A. Well, I’m in care of it anyway [Our emphasis]. * * *
Q. How come you never did pay any taxes on this land?
A. Nobody never come down and I didn’t own it.
Q. And that’s why you didn’t pay taxes on it?
A. I didn’t own it at that time, no [Our emphasis].
Q. Do you own it now?
A. I figure I do.
Q. Have you paid any taxes on it?
A. No, but I am fixing to.”
In summary, while the record reflects that appellees had notice of Vick’s presence on the land, the record does not reflect that appellees had notice of his claim of ownership. In fact, it appears that Vick was under the impression that all he had to do was stay on the premises for more than seven years, and he would automatically come into ownership. This, of course, is not correct. To the contrary, he had to assert his claim of ownership against the world for more than seven years before that ownership would be established.
In Hill v. Surratt, 240 Ark. 122, 398 S. W. 2d 225, we pointed out that the quantum of proof necessary for a trespasser to establish title to a tract of land by adverse occupancy is greater where he has no color of title, and in such case he must show pedal or actual possession for the extent of the claimed boundaries for the required seven years, and in Lollar, et al v. Appleby, et al, 213 Ark. 424, 210 S. W. 2d 900, we likewise stated that where there is no color of title, the adverse possession is limited to the land actually occupied. It does appear that the quarter.of an acre-awarded Vick by the chancery court was actually occupied, but we agree with the chancellor that the proof relative to the rest of the land sought was entirely insufficient to establish the adverse claim.
Affirmed.
Actually, it appears that the amount of land involved is something over 54 acres.
Daniels, under a lease from Berg, constructed this fence for the purpose of holding cattle, and, according to the evidence, used it for approximately 10 years.
There is a dispute in the evidence relative to when the fences were built, two witnesses testifying that the “outer fence” was not completed until 1968.
From the record:
“Q. When did you decide you were going to claim ownership of the land?
A. Well, about the time I fenced it.
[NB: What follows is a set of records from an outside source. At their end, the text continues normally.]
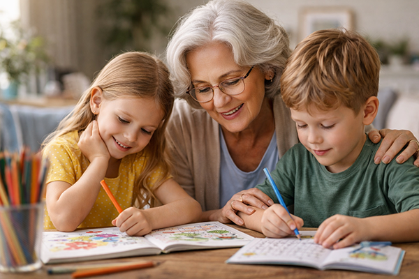 Gerade beim Malen, Rätseln oder gemeinsamen Überlegen entstehen oft die schönsten Gespräche zwischen Großeltern und Enkeln.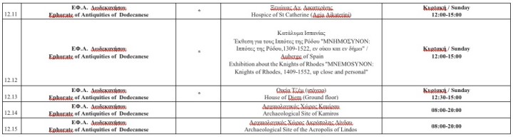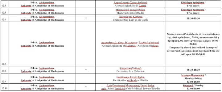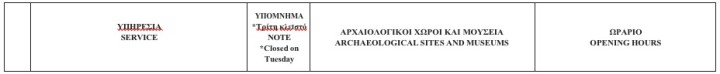 Διευκρινίζεται ότι, η προσέλευση των επισκεπτών επιτρέπεται έως και είκοσι (20’) λεπτά πριν τη λήξη του ωραρίου. Όλοι οι Αρχαιολογικοί Χώροι, τα Μνημεία και τα Μουσεία παραμένουν κλειστά την Κυριακή του Πάσχα και την Πρωτομαγιά, επίσημες αργίες του Κράτους. Τη Μεγάλη Παρασκευή λειτουργούν 12:00-17:00 και το Μεγάλο Σάββατο 08:30-15:30.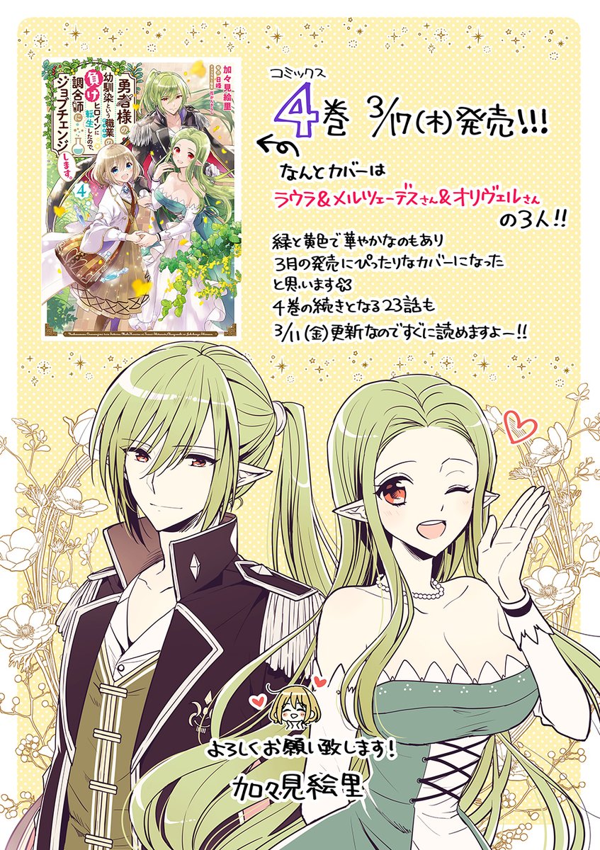 「勇者様の幼馴染~」コミックス4巻が3/17(木)に発売される事になりました~!🎉🎉表紙はメルツェーデスさんとオリヴェルさんです🌸 ご予約頂けると嬉しいです☺️各特典については後日紹介します! amazon.co.jp/dp/4046812613/ ◆4巻告知とルカーシュの番外編漫画も公開中✨ comic-walker.com/contents/detai…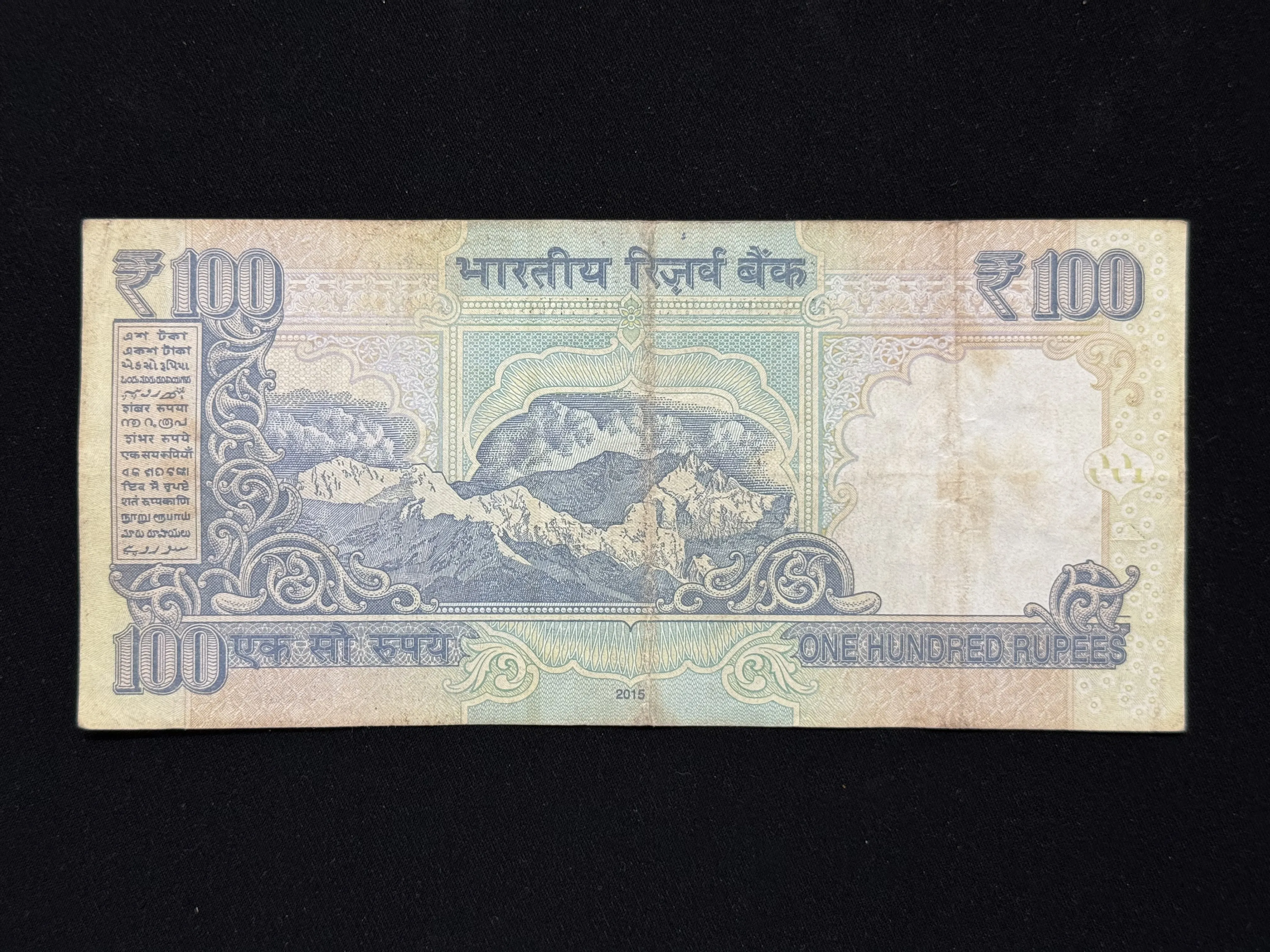 India, 2015 Rupees 100 Banknote, Super Lower Fancy Serial Number 0 - 000008, Sign. Raghuram G. Rajan, Inset Plain, (0MQ 000008)

I figured it wasn’t nobody coming, I was going to go ahead and fence it up. * * *
Q. * * * When did you first decide you were going to claim that you owned this land?
A. Well, 1 told you I put a fence on it when I figured it.
Q. At the time you built the fence?
A. Yes.”
The northern boundary of the property was on the Ouachita River.
Henry Simpson testified that he had a place about 2,000 feet up the river from Vick; that he knew Berg owned the property, and that he (Simpson) claimed no ownership interest, and that, as far as he knew the other fishing camps had the same status.